- Died: c. 1138
- Other name: Walter fitzRichard
- Occupation: Baron
- Years active: 1119–1136
- Known for: founding Tintern Abbey
- Parent(s): Richard de Clare Rohese

= Walter de Clare =

12th-century Anglo-Norman baron in England

Walter de Clare or Walter fitzRichard (Note: Other versions of his name include Walter fitz Richard of Clare and Walter fitz Richard de Clare.) (died probably 1137 or 1138) was an Anglo-Norman nobleman and founder of Tintern Abbey. A member of a powerful family, Walter was a younger son who was given the Lordship of Striguil together with lands around Chepstow Castle by King Henry I of England sometime before 1119. Walter continued to appear in Henry's charters for the rest of the reign, and was an early supporter of King Stephen of England, Henry's successor as king. Walter last appears in the historical record in 1136 and died without children. His lands went to his nephew.

==Family and background==

Walter was a younger son of Richard de Clare, a Norman lord and landholder who also held Clare and Tonbridge in England. Walter's mother was Rohese, the daughter of Walter Giffard. Rohese and Richard had at least six sons and two daughters.

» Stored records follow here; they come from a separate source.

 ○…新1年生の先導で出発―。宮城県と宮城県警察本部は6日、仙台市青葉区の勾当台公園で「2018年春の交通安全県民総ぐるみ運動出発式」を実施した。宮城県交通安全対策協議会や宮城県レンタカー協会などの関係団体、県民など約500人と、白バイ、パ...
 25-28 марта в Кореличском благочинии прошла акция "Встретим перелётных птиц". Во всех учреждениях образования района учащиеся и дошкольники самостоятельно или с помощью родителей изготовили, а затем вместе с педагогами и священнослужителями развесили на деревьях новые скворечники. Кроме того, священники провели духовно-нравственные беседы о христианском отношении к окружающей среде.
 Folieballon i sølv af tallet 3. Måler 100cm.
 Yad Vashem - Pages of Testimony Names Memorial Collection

Besides Walter, they were Roger, Gilbert, Richard, Robert, and Godfrey. The daughters were Alice and Rohese. Walter's family of de Clare was a powerful one, with members of it having participated in rebellions and conspiracies against Henry's older brother King William II of England (d. 1100) in 1088 and 1095.

==Life==

Little is known of Walter's life, most of it deriving from the Gesta Normannorum Ducum written by William of Jumieges. The first mention of Walter in the historical record is when he was granted the lordship of Netherwent, including Chepstow Castle beside the River Wye, by King Henry I of England. This occurred sometime before 1119. Walter's lordship of Netherwent or Chepstow was generally considered a feudal barony, and Walter is considered a baron by most historians. (Note: These lands had previously been held by Roger de Breteuil, who rebelled in 1075 and had his lands confiscated by the king.) Walter's land grant was part of a larger series of grants by Henry in southern Wales, including some given to Walter's brother Gilbert de Clare. Henry also granted lands to another brother of Gilbert and Walter: Robert, who received Little Dunmow. These grants from the king to the Clare family helped bring them over to the royal side during the conflict between the king and his nephew William Clito over the control of Normandy in the late 1110s.

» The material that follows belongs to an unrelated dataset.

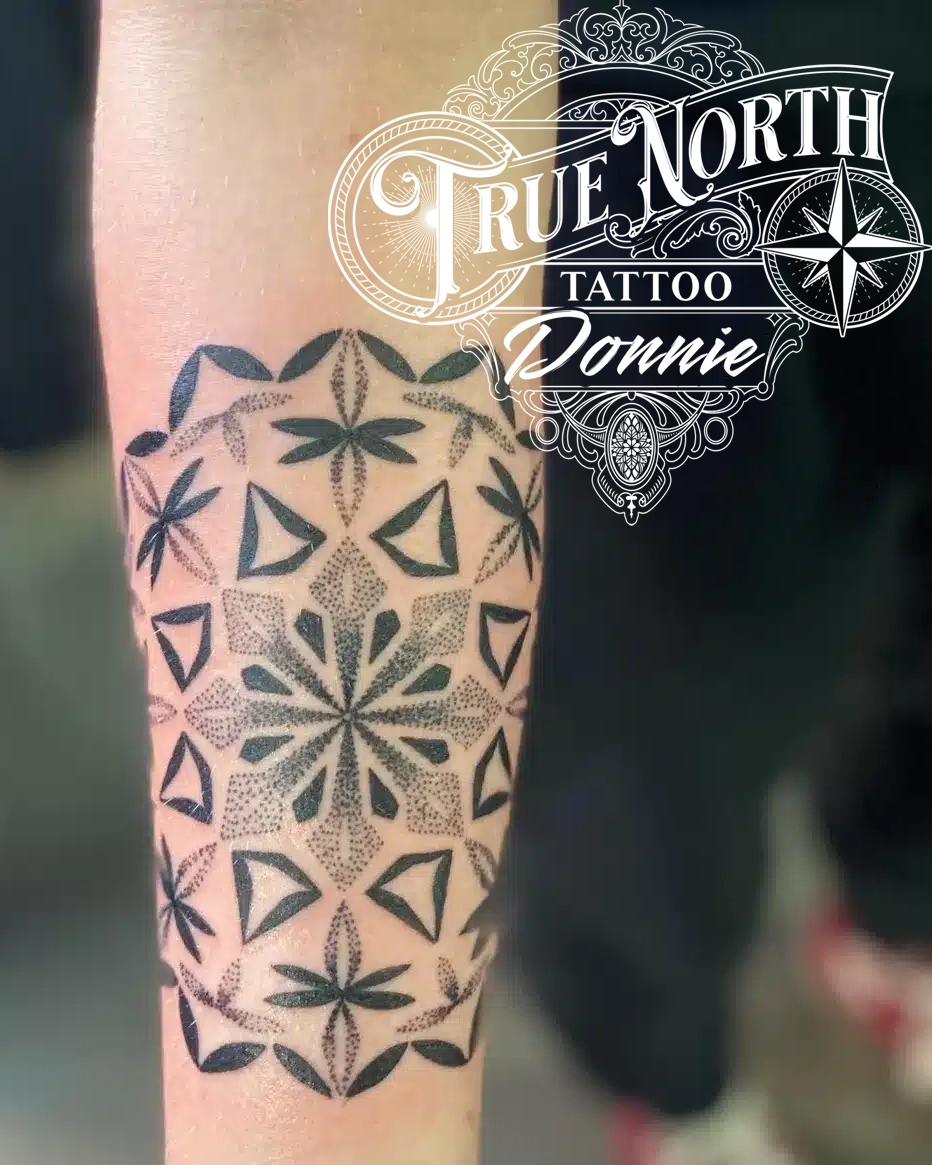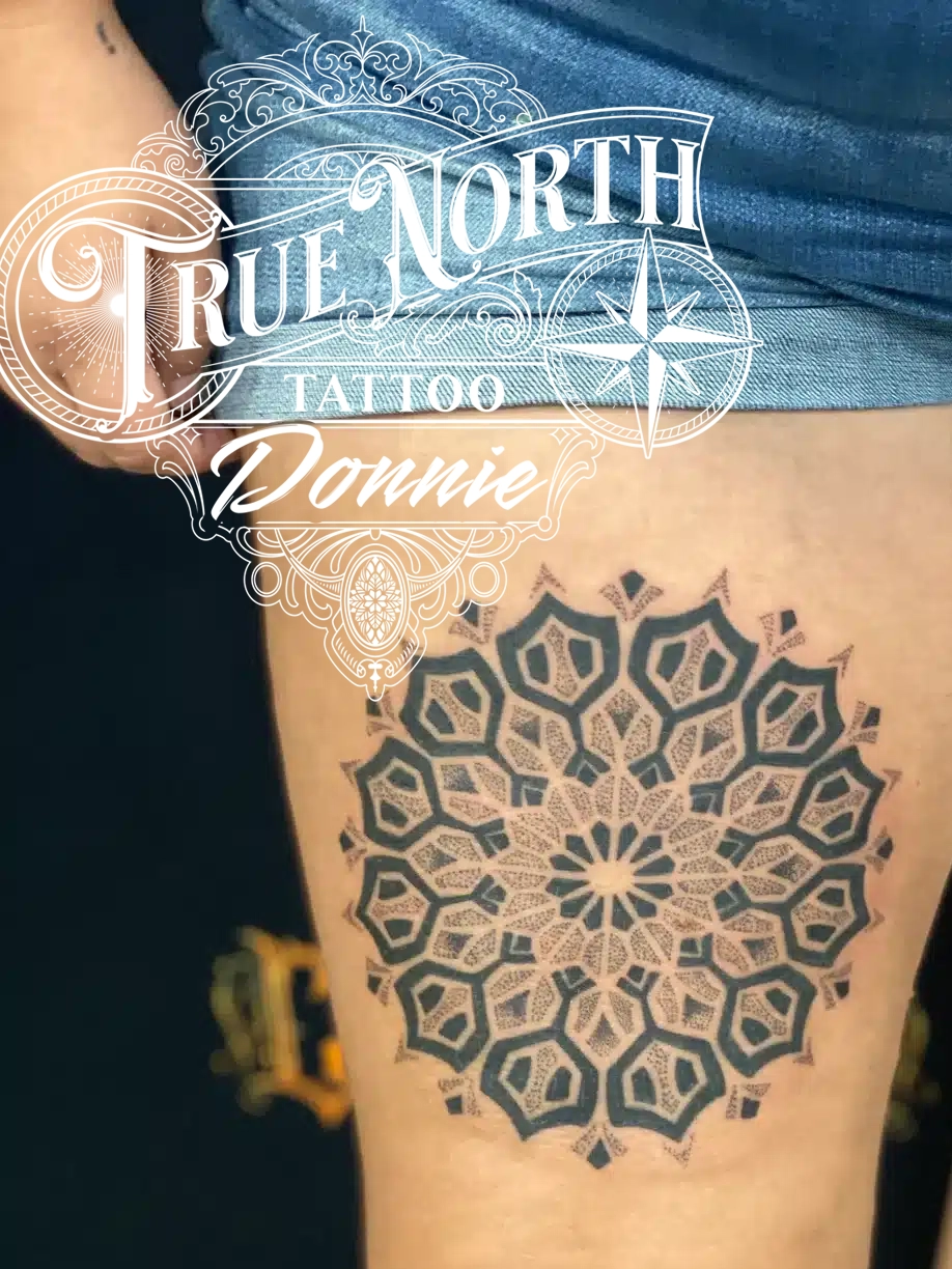 Donovan is a multi-talented powerhouse at True North Tattoo, bringing 14 years of professional experience to both the piercing chair and the tattoo station. Whether he’s executing a flawless piercing or diving into a complex tattoo, Donovan’s precision is unmatched. He enjoys diving into the intricate worlds of Mandalas and Sacred Geometry, but is equally at home with Neo-Traditional, Anime, and high-impact Horror pieces.

Walter was a witness on 12 of Henry's royal charters, all before 1131. He was also a witness for some royal charters issued by Henry's successor, King Stephen of England, early in Stephen's reign. One was a charter issued at Henry's funeral on 4 January 1136 and another at Stephen's court at Easter 1136. These two charter attestations show that he was an early supporter of Stephen in the king's seizure of the throne from Henry's daughter Matilda. These early charters from Stephen's reign are Walter's last appearances in documents during his lifetime. Also in 1136 Walter was in charge of the defense of Le Sap in Normandy against Geoffrey V of Anjou.

Walter established Tintern Abbey as a Cistercian monastery on 9 May 1131, the second Cistercian monastic house to be endowed in Britain. (Note: The first was Waverley Abbey, which was founded in 1128.) The monks for the establishment came from L'Aumône Abbey in France. Although the ruins of Tintern were the subject of a poem by William Wordsworth (Note: The poem has the full title of "Lines written a few miles above Tintern Abbey", although it is often shortened to "Tintern Abbey" and was published in 1798.) and a painting by J. M. W. Turner, these ruins are not Walter's original buildings, as little remains of them.

==Death and legacy==

Historians differ over whether Walter ever married, but agree that he died childless. Michael Altschul lists no wife in his work on the Clares, and C. Warren Hollister, revising J. Horace Round's entry in the Dictionary of National Biography for the Oxford Dictionary of National Biography, states that it is unclear if Walter married. Jennifer Ward, however, states that Walter married Isabella, a daughter of Ralph de Tosny. Katharine Keats-Rohan states that Walter married Isabel, a daughter of Ralph de Tosny, and states that his widow gave an endowment to the cathedral chapter of Salisbury Cathedral for the sake of Walter's soul. Walter was alive at Easter in 1136, (Note: Easter in 1136 occurred on 22 March.) but died after that date. The obituary for Walter from Tintern gives his death date as 10 March, but does not state a year. A date of 1138 is usually given for his death; though this has not been proven, it is likely. His estates passed to his nephew Gilbert de Clare, son of his brother Gilbert, who had died around 1115.